Oookay, so this is one funny bug, and old as ages.
This happens with both yum and dnf (so we'll need to clone for rhel-8 and fedora too, but lets figure out the details here first). The problem is that both yum and dnf fail to notice the error code from their test-transaction, both only stop when problem objects were created by rpm but that doesn't happen in this case. When this failed test-transaction is resubmitted to rpm, it crashes inside fingerprinting because normally valid assumptions don't hold. Obviously optimally it wouldn't do so.
All of this has relatively little to do with the invalid signature, it just happens to be the trigger that causes the unexpected failure to open the corrupted package once inside the transaction.
Ultimately all three (rpm, yum and dnf) need fixes for this, but making rpm do the right thing here is where it should start, and which will minimally fix it for both yum and dnf. Both yum and dnf need to start checking for the error codes correctly though, there could be other similar corner-cases lurking inside rpm.
FWIW, the problematic place in yum in cli.py:
testcb = RPMTransaction(self, test=True)
tserrors = self.ts.test(testcb)
if len(tserrors) > 0:
errstring = _('Transaction check error:\n')
...versus the full error code check rpmtrans.py explains:
# ts.run() exit codes are, hmm, "creative": None means all ok, empty
# list means some errors happened in the transaction and non-empty
# list that there were errors preventing the ts from starting...
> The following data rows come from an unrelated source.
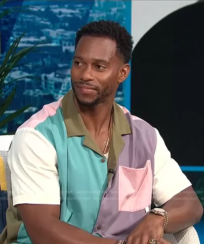 on E! News on E! was spotted wearing this colorblock short sleeve shirt on E! News Daily Pop on Apr 20 2021's episode. 's Shirt is the Colour Block Tencel Blend Shirt by Scotch & Soda.
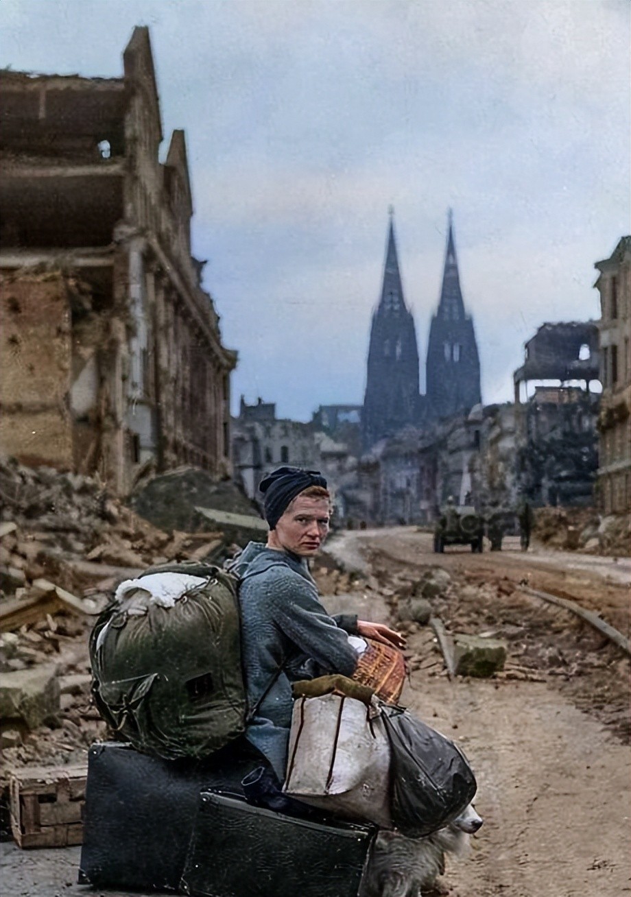 二战结束后,一位德国妇女坐在德国克隆的废墟前发呆。
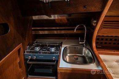 CUCINA ED ELETTRODOMESTICI Fornello (a gas due fuochi nuovo), Frigorifero interno. TAPPEZZERIE Cuscineria completa (interna nuova). VELE Avvolgi Fiocco, Tenditore strallo di poppa, Trasto randa.
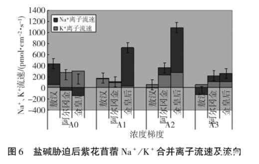 圖6鹽堿脅迫后紫花苜蓿Na+/K+合并離子流速及流向
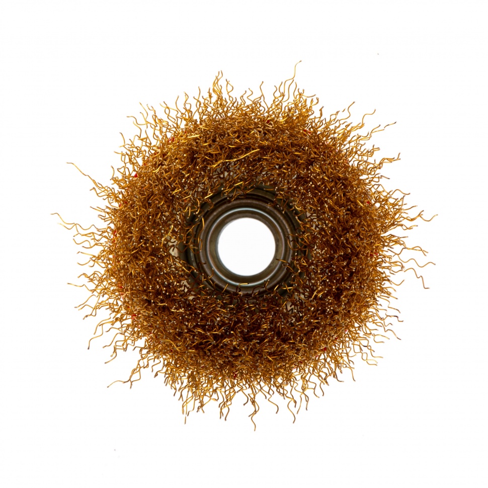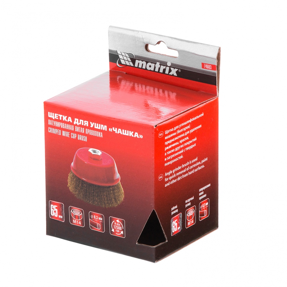 Щетка «чашка» Matrix 74603 диаметром 65 мм, с щетиной из латунированной витой проволоки, устанавливается на вал УШМ с помощью гайки М14. Предназначена для снятия тонкого слоя краски или лака, удаления ржавчины и загрязнений. При рекомендованной скорости вращения 12500 об/мин щеткой можно быстро обрабатывать участки большой площади.ПреимуществаВысокий ресурс — щетина выполнена из прочной стальной проволоки.Универсальность — щетка подходит для обработки древесины, металла, пластика и других твердых поверхностей.Аккуратная работа — витая щетина снимает тонкий слой материала.Коррозионная стойкость — корпус щетки покрыт защитной эмалью, щетина латунирована.
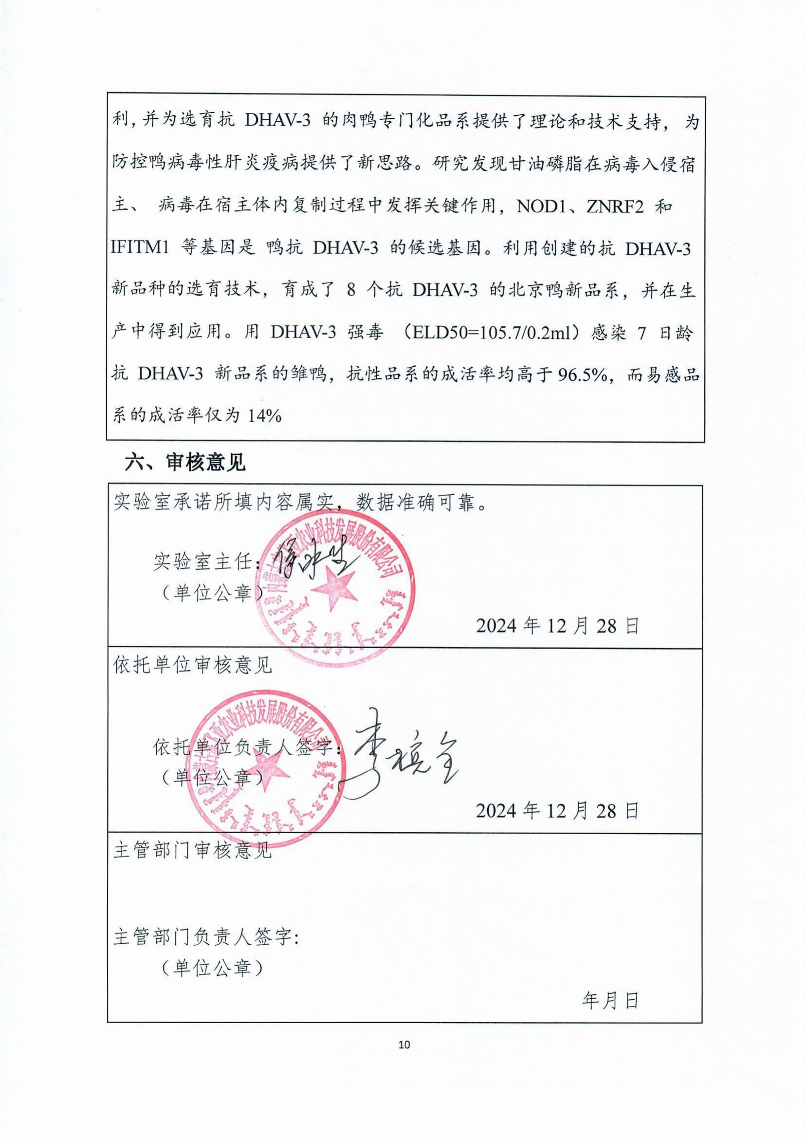 内蒙古自治区肉鸭育种重点实验室报表
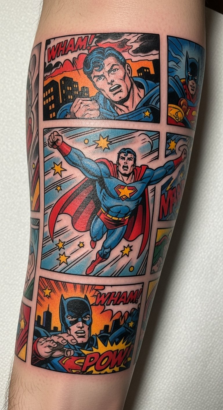 This tattoo embodies the spirit of comic storytelling, transforming the forearm into a canvas of adventure and excitement.
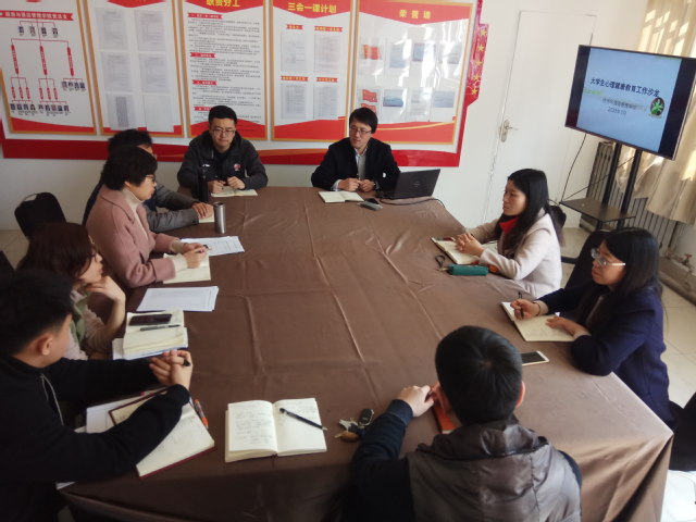 本网讯(旅游与bv伟德国际体育 刘云飞)3月14日,旅游与bv伟德国际体育每学期一度的老员工心理健康教育工作沙龙在A楼党员活动室举行。团总支书记郭学道、全体专职辅导员以及特邀嘉宾马晓晴、宋学珍参与了此次题为“浇灌员工心灵,预防心理荒漠”的活动。

Oh and FWIW, the ultimate reason for this failure is that for packages whose signature checking is disabled, yum/dnf honor this during initially reading packages and populating the transaction. However both use rpm defaults (which is to check signatures if present) to actually run the transactions (test + real), which causes packages failing to open in the transaction callback. This mismatch is what causes the failures in unexpected places, and also means that yum/dnf --nogpgcheck cannot be used to install packages with bad signatures, only ones with no signature at all or ones with whose key we don't have imported (which is not necessarily a bad thing, just different from what rpm's --nosignature does)
Very interesting, thanks for the explanation and investigation. :)
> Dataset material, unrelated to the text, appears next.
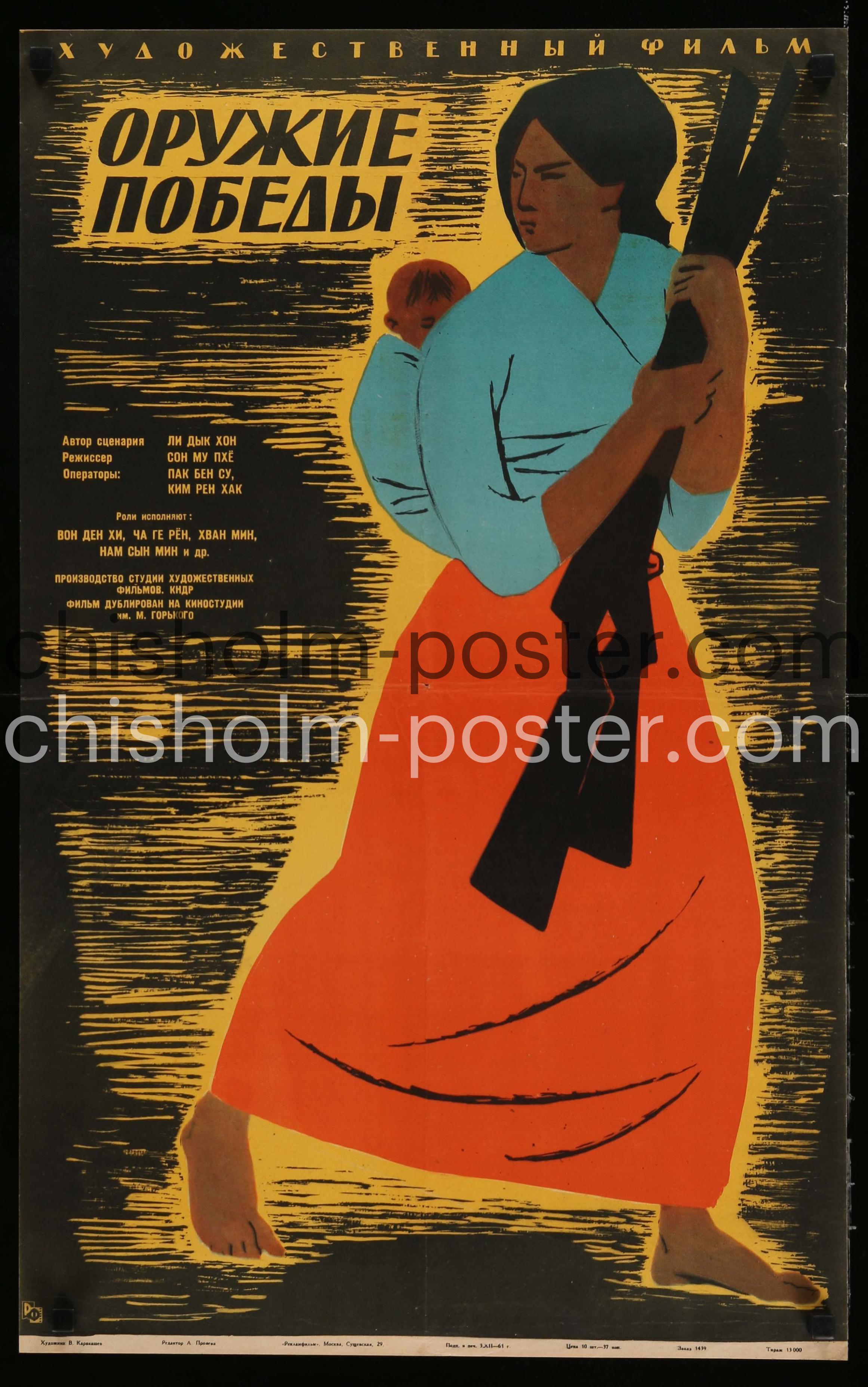Powerful 1961 North Korean war melodrama movie poster showing a mother with rifles carrying a baby on her back.

> # ts.run() exit codes are, hmm, "creative": None means all ok, empty
> # list means some errors happened in the transaction and non-empty
> # list that there were errors preventing the ts from starting...
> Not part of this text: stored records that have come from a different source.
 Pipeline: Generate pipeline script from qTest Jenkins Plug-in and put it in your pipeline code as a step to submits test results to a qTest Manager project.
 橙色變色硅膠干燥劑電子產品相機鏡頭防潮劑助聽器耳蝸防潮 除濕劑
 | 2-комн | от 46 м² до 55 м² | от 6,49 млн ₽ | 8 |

I definitely stumbled upon the comment about ts.run() error codes while playing around (and stepping through gdb), but missed the significance at the other location. Nice catch! Makes it sound like a C<->Python issue ultimately.
> so we'll need to clone for rhel-8 and fedora too
F27 has this problem, but interestingly F28 and F29 weren't working on one of the test packages. (I didn't try all byte offsets and this was a different package with fewer dependencies).
> What's not so obvious is that when you install a local package, gpgcheck=1 does not apply.
Yeah, my guidance to the lab was going to include createrepo. (I noticed that _OK was returned in the validate package signature section while in gdb...)
I'd also argue that installing a package with an invalid signature to a known key should also be a big no-no (without the --nogpgcheck or --very-unsafe-I-know-what-is-happening... even if it is a local file), but that's me. :)
Anyhow, thanks! :)
Proposed upstream fix: https://github.com/rpm-software-management/rpm/pull/651
Since the problem described in this bug report should be
resolved in a recent advisory, it has been closed with a
resolution of ERRATA.
For information on the advisory, and where to find the updated
files, follow the link below.
If the solution does not work for you, open a new bug report.
FEDORA-EPEL-2020-3ef1e07e82 has been pushed to the Fedora EPEL 7 stable repository.
If problem still persists, please make note of it in this bug report.